What to produce: Starting with the line below that holds "活動中,雙方就黨建聯(liá" and stopping after the line that holds "YSL Sunset Medium", transcribe the lines exactly, leaving out all pictures.

-- Provided data follows --

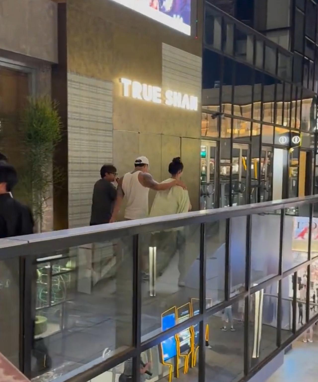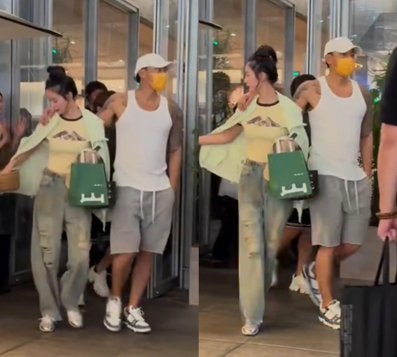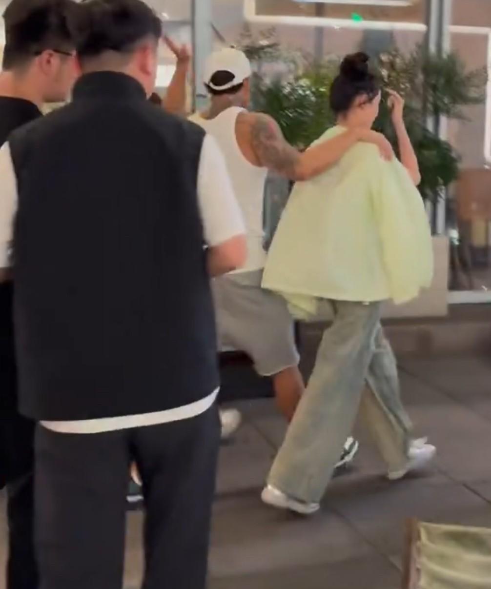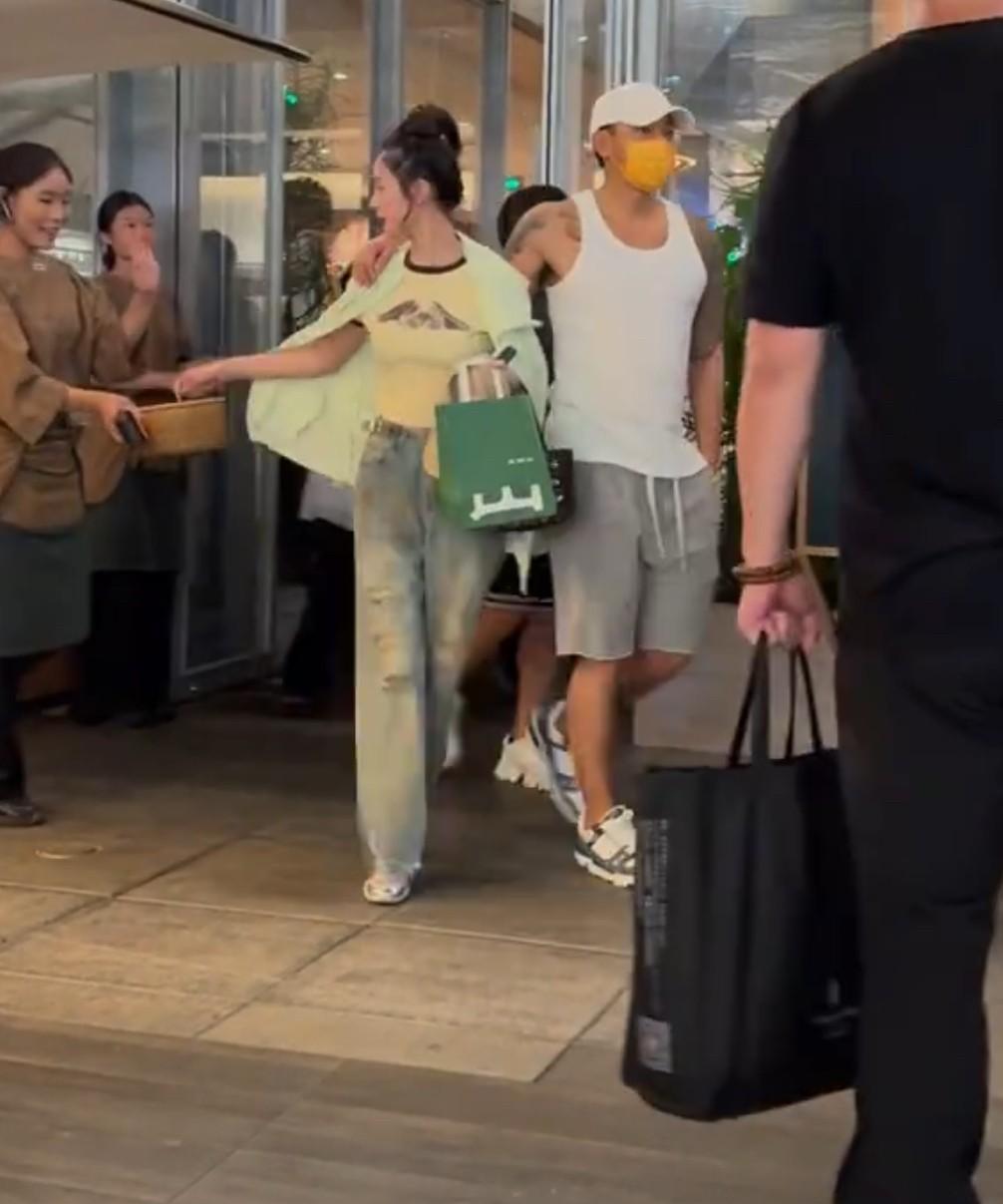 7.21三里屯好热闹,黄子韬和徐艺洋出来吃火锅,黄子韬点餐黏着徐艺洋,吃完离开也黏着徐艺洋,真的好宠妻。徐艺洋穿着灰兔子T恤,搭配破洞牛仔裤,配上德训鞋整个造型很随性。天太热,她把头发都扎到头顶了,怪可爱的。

-- Provided data concluded --
-- Provided data follows --

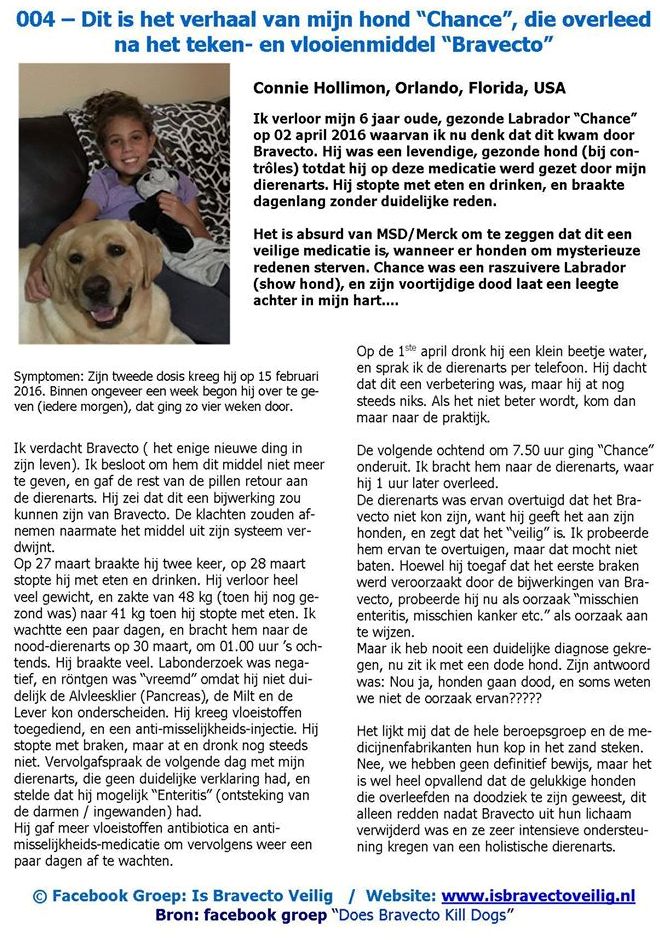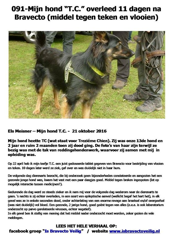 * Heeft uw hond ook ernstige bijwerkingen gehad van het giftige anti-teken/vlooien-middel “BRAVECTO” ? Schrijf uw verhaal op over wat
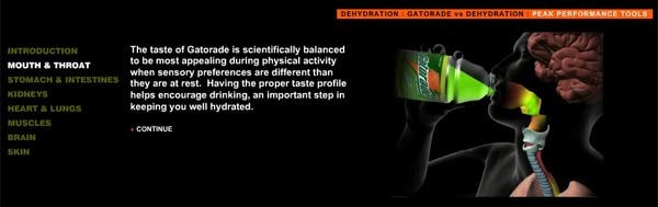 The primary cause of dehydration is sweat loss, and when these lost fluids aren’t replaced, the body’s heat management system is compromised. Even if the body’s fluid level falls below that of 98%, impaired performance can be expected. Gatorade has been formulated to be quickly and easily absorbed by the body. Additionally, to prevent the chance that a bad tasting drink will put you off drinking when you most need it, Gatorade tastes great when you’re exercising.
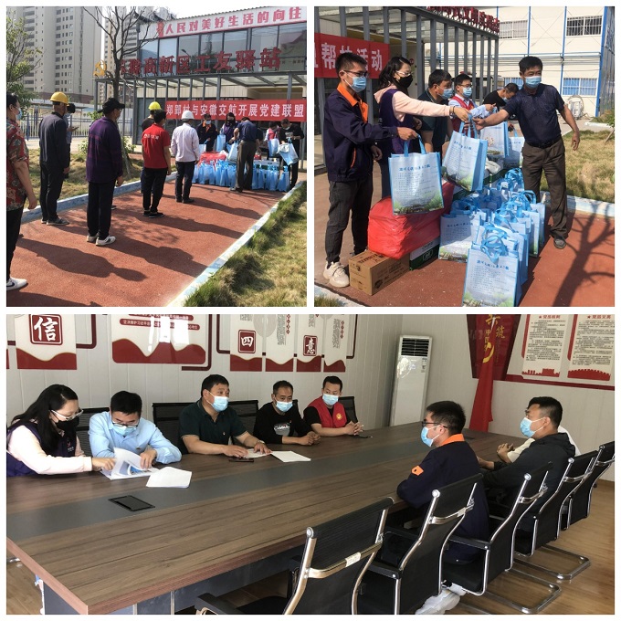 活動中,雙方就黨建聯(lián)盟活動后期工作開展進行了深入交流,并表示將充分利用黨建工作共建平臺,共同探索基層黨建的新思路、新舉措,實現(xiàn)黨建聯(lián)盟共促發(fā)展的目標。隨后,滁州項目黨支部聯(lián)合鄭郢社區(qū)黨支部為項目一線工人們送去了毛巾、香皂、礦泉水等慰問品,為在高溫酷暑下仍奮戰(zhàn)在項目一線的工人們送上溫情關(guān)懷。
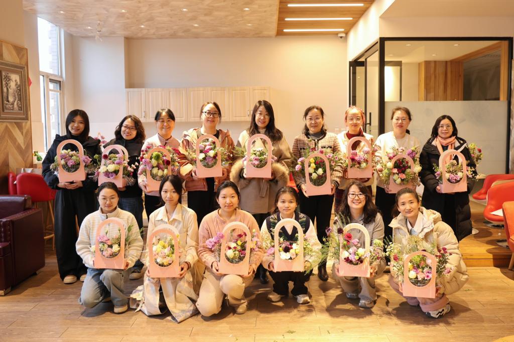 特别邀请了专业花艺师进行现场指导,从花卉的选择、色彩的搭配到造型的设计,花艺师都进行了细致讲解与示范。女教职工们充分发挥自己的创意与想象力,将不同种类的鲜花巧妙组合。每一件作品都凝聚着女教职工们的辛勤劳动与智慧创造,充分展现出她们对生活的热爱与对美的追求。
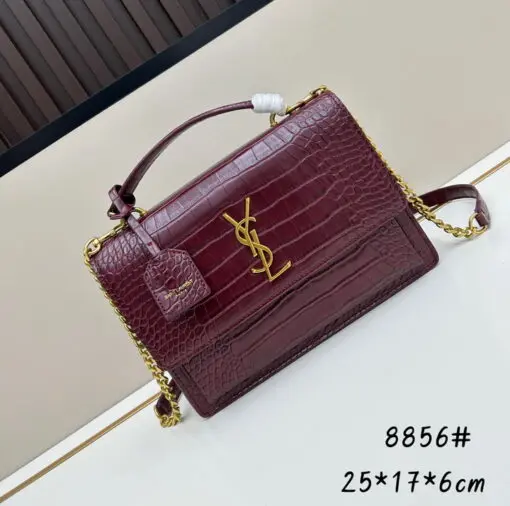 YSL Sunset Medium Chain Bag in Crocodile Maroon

-- Provided data concluded --

Reply:
 活動中,雙方就黨建聯(lián)盟活動后期工作開展進行了深入交流,并表示將充分利用黨建工作共建平臺,共同探索基層黨建的新思路、新舉措,實現(xiàn)黨建聯(lián)盟共促發(fā)展的目標。隨后,滁州項目黨支部聯(lián)合鄭郢社區(qū)黨支部為項目一線工人們送去了毛巾、香皂、礦泉水等慰問品,為在高溫酷暑下仍奮戰(zhàn)在項目一線的工人們送上溫情關(guān)懷。
 特别邀请了专业花艺师进行现场指导,从花卉的选择、色彩的搭配到造型的设计,花艺师都进行了细致讲解与示范。女教职工们充分发挥自己的创意与想象力,将不同种类的鲜花巧妙组合。每一件作品都凝聚着女教职工们的辛勤劳动与智慧创造,充分展现出她们对生活的热爱与对美的追求。
 YSL Sunset Medium Chain Bag in Crocodile Maroon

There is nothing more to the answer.